Terraform is a widely-used tool that helps provisioning infrastructure. Its power and simplicity made it a popular choice for many developers. However, if used incorrectly, Terraform can cause significant harm, including downtime or even data loss without the possibility of restoration. This becomes particularly relevant when multiple team members work on the same Terraform configuration independently. In this blog post, I will explain how to properly set up Terraform State Management for working in a team.

I, Robot

So what’s the problem with working in a team on the same Terraform configuration?

Every time you execute terraform plan or terraform apply, it shows what it would update: what resources will be added, updated, or deleted. It does so by comparing the previous state of the infrastructure with the actual definitions that you have in the .tf files. This “state” is always stored somewhere. In the simplest case, it is stored locally in a file together with the project files. But what if several people want to apply changes to the infrastructure? In this case, the state has to be stored in a centralized place like an AWS S3 bucket and fetched every time a new change is being made. After the changes are made, the state would get updated correspondingly so that the next run would pull the latest changes.

This helps to synchronize the changes made by different people, but it still leaves room for failure. Imagine several people trying to adjust the infrastructure at the same time. It might introduce race conditions. For instance, one developer would add resource A and the second one would add resource B at the same time. Both would receive the same data about state at the beginning of the operation. But once the operations are completed, either state with resource A will be saved or the one with B (depending on which one completes last). This will lead to bugs in the best case or to much worse consequences.

To solve the racing conditions, a common practice is to use locks in the way that you first need to obtain a lock before the apply operation and it can only be released after its completion. If a lock is taken, the execution will pause and wait until it is released. In case of AWS, DynamoDB is a popular tool for managing Terraform locks. A common use case is to create a table with a single row. A script will acquire a lock for this row every time a change is being made and release it afterwards.

Ok, now that the theory is over, let’s start with setting up an empty Terraform project.

mkdir terraform-state-demo
cd terraform-state-demo

Create a file called provider.tf with the following content:

terraform {
  required_providers {
    aws = {
      source  = "hashicorp/aws"
      version = "~> 5.0"
    }
  }
}

provider "aws" {
  region = "us-east-1"
}

This tells Terraform that it would connect to AWS. After you saved the file, execute:

terraform init

This will initialize a local Terraform configuration.

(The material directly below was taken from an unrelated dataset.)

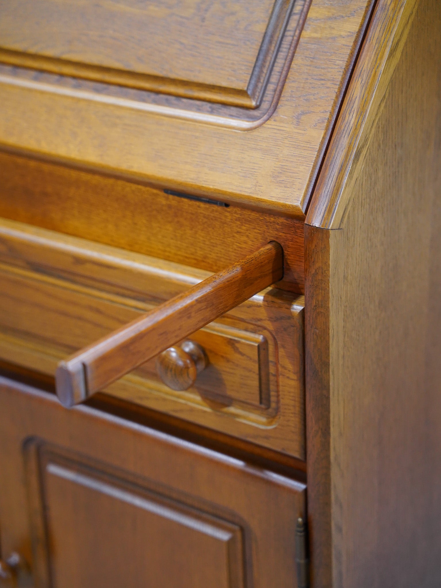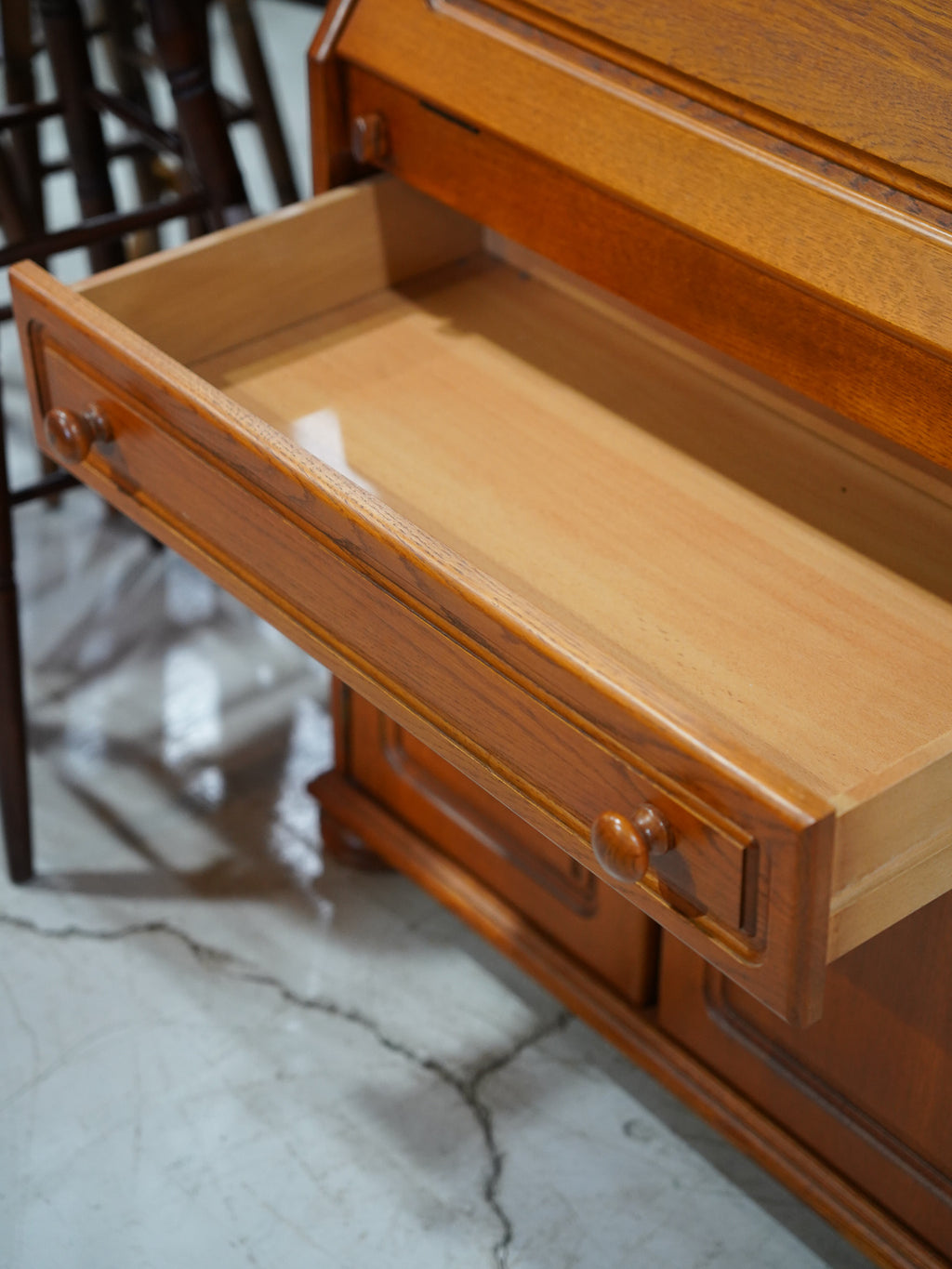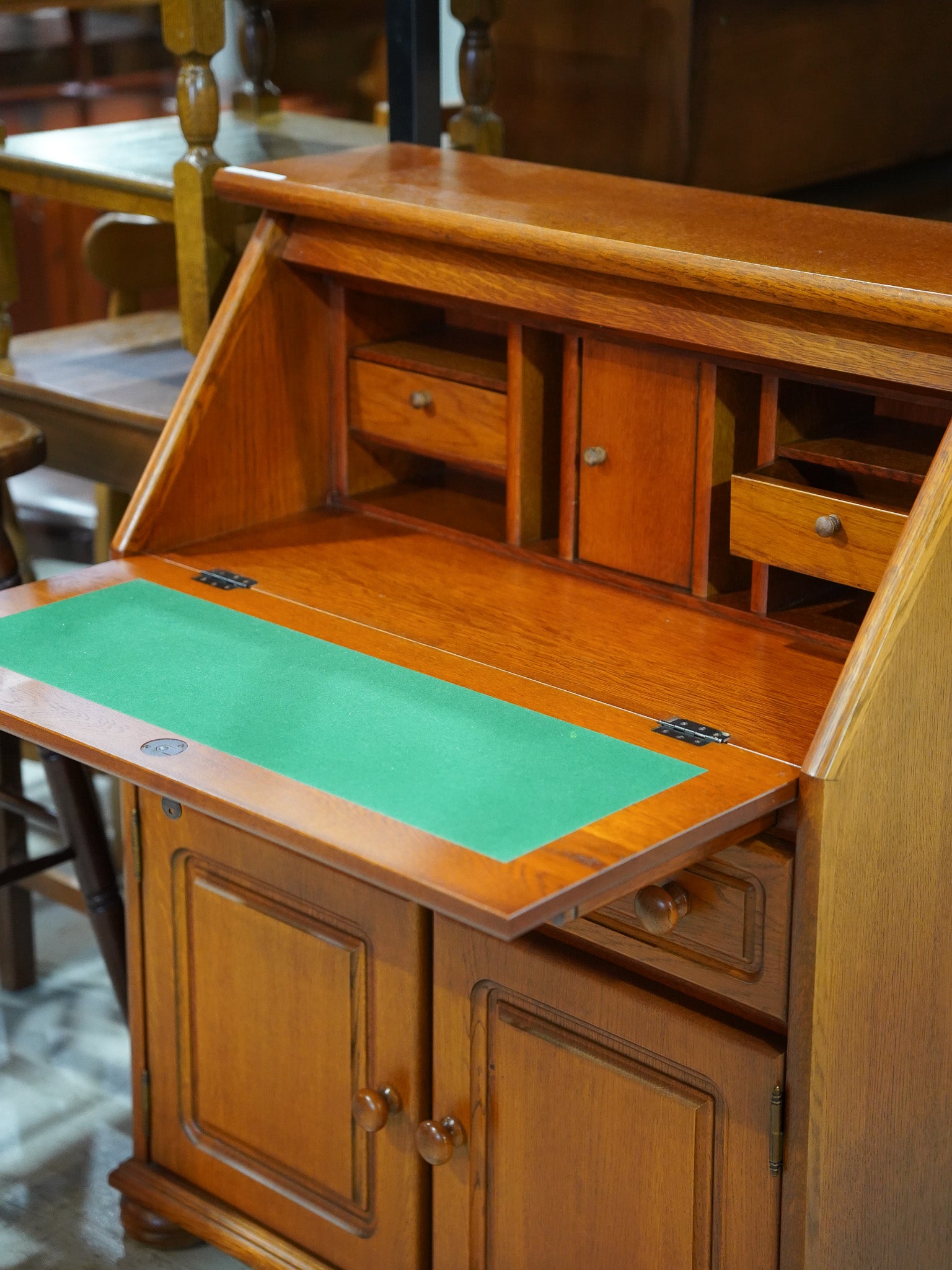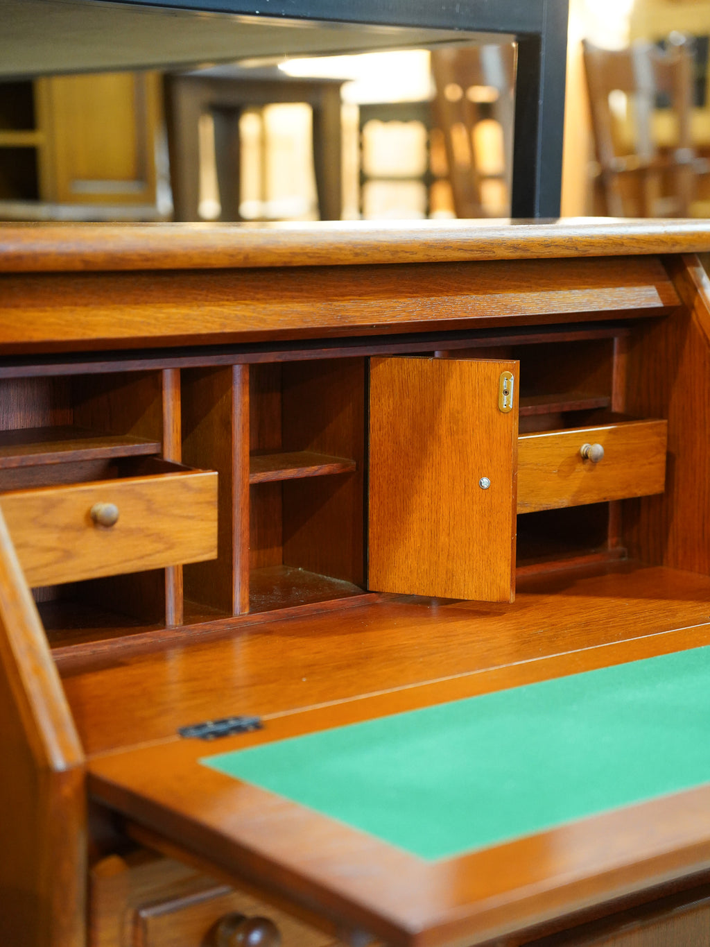 上部の扉を開くと、手前に倒れてフラットなライティングスペースが現れます。内側には小物入れや引き出しが付いており、文房具や書類の整理に便利です。このデスクスペースには、落ち着いたグリーンのフェルトが張られており、書き物をする際に心地よい感触を提供します。

Now create a file called state.tf with the following content:

resource "aws_s3_bucket" "demo_tf_state" {
  bucket = "demo-tf-state-123" #<--- change this to your own unique bucket name 
}

resource "aws_s3_bucket_server_side_encryption_configuration" "demo_tf_config" {
  bucket = aws_s3_bucket.demo_tf_state.id
  rule {
    apply_server_side_encryption_by_default {
      sse_algorithm = "AES256"
    }
  }
}

resource "aws_s3_bucket_versioning" "demo_tf_state_versioning" {
  bucket = aws_s3_bucket.demo_tf_state.id
  versioning_configuration {
    status = "Enabled"
  }
}

resource "aws_dynamodb_table" "demo_tf_state_locks" {
  name         = "demo-tf-state-locks"
  billing_mode = "PAY_PER_REQUEST"
  hash_key     = "LockID"
  attribute {
    name = "LockID"
    type = "S"
  }
}

This file describes an S3 bucket and a DynamoDB instance - the resources needed for storing a Terraform state in AWS. Make sure to change the bucket name to your own value. It has to be unique across the AWS region.

Now execute:

terraform apply

Type yes after it offers adding 4 new resources to the infrastructure.

At this point, the resources needed to store the state have been created, but they haven’t been configured for use yet. The state is still stored locally and that is expected. Now let’s tell Terraform to use the newly created resources to store the state in the S3 bucket.

Add the following defintion to state.tf:

terraform {
  backend "s3" {
    bucket         = "demo-tf-state-123" # <-- this is the bucket name from
                                         # the previous step, change it here
    key            = "state/terraform.tfstate"
    region         = "us-east-1"
    dynamodb_table = "demo-tf-state-locks"
    encrypt        = true
  }
}

After the changes are saved, intialize Terraform again in order to move the state to the S3 bucket. Execute:

terraform init

This time it would offer you to transfer the local state to the S3 bucket. Type yes and proceed.

Terraform state update

Form this moment on, the Terraform changes would require synchronizing the state from the S3 bucket as well as acquiring and releasing a lock for every change. Try executing terraform apply once agin to see the process in action:

Terraform aquire and release a lock

Although no changes have been made, it had to acquire a lock, read the state, and it had to release the lock afterwards.

If you want to find out more about State Management in Terraform, I encourage you to check the documentation.

Thank you for reading and good luck!